We then incorporated all the nontemporal explanatory variables into a multiple regression model, which was adjusted with a stepwise regression based on the Akaike information criterion (AIC). We therefore selected the model with the lowest AIC as the best, under the assumption that models presenting multicollinearity are to be rejected. Flexible models were considered for the continuous covariates; however, all covariates behaved linearly and therefore only models with linear effects were considered.

The univariate model whose explanatory variable is the TNM stage did not meet the hypothesis of risk proportionality. We therefore calculated the Kaplan-Meier estimator for the survival function and performed a log-rank test to determine any differences between the various stages.

Statistical analysis

We employed the mean and median as the central tendency statistics and the interquartile range and 90th centile as the spread indicators when describing the intervals (days). We also calculated the ratio between the mean and the secondary care interval and the total treatment interval (T14 / T5), assuming the conditions for using the test.

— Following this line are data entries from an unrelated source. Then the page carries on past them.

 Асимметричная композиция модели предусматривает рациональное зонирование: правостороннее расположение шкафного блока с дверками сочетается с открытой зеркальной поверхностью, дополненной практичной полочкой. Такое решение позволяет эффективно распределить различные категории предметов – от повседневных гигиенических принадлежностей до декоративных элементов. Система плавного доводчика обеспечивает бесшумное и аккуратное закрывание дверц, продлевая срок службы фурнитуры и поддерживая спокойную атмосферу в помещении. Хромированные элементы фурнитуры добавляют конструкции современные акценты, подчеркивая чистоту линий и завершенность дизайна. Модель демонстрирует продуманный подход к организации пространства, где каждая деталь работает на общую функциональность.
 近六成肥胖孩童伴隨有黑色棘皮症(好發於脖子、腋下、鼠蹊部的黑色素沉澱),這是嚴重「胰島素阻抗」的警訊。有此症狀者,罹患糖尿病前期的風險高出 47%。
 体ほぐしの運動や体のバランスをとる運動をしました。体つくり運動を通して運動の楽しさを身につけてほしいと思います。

To estimate the global survival curve, we employed the Kaplan-Meier method and calculated the estimators associated with the tumour stages (I-II vs. III-IV), applying the log-rank test to identify differences in survival. We then adjusted the multivariate Cox models. The time variable was discretised, as were the non-temporal explanatory variables. We employed the T14 terciles and considered the mean tercile (19–25 days) as the reference level in the adjusted models. All studies were performed using the R software (R Core Team, 2015) [18], with the alpha value indicating significance at the 0.05 level.

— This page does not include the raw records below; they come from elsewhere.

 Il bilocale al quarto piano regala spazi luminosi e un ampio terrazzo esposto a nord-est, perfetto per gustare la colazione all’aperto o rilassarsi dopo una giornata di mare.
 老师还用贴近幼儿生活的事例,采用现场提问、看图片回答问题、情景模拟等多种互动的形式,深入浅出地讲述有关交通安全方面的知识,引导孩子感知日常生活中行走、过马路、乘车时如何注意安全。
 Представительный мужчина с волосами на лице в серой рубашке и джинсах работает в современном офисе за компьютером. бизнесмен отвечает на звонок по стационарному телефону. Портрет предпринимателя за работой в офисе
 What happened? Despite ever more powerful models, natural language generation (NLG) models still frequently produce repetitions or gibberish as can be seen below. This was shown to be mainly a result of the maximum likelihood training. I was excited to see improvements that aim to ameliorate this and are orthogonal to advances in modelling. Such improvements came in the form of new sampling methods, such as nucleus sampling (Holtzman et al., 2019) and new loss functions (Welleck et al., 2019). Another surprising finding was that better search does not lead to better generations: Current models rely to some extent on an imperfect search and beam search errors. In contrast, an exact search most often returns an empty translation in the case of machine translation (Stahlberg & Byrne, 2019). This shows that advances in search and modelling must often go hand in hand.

The study was conducted according to the Helsinki Declaration guidelines and was approved by the Galician Research Ethics Committee (No. 2014/604), which officially grants patients’ rights and the adequate ethics conditions during research.

Results

The study’s convenience sample finally consisted of 223 patients, 75% of whom were men (n = 168) and with a median age of 60 years (IQR, 51.7–70.9). The mean time between symptom onset and the start of treatment (total interval T5) was 107.18 days, with a median of 78.0 days (IQR, 55.5–127.5). The mean time between the first visit to specialist care and the start of treatment (hospital setting T14) was 23.4 days, with a median of 20 days (IQR, 15.0–29.1), which represented 25% of the total interval (Table 1). The carcinomas were located mostly on the tongue (33.5%) and floor of the mouth (27.0%), and 54% of the carcinomas were diagnosed in advanced stages. Other, less frequent, locations were gingivae (13.9%), retromolar trigone (11.6%), buccal mucosa (3.7%), and hard palate (0.9%) and were grouped under the heading “others” for analysis. Table 2 lists the sample’s distribution according to the variables considered and the study interval.

Table 1. Time intervals.

Description of the total time interval (T5) and hospital interval (T14).

Variable n Mean Standard error Minimum 1st quartile Median 3rd quartile Maximum
T5 Interval 183 107.18 85.23 24.00 55.50 78.00 127.50 420.00
T14 Interval 223 23.45 11.16 4.00 15.00 20.00 29.16 63.00
Mean (95% CI) Median (95% CI)
T14 interval/T5 interval 0.21 (0.10–0.25) 0.25 (0.22–0.28)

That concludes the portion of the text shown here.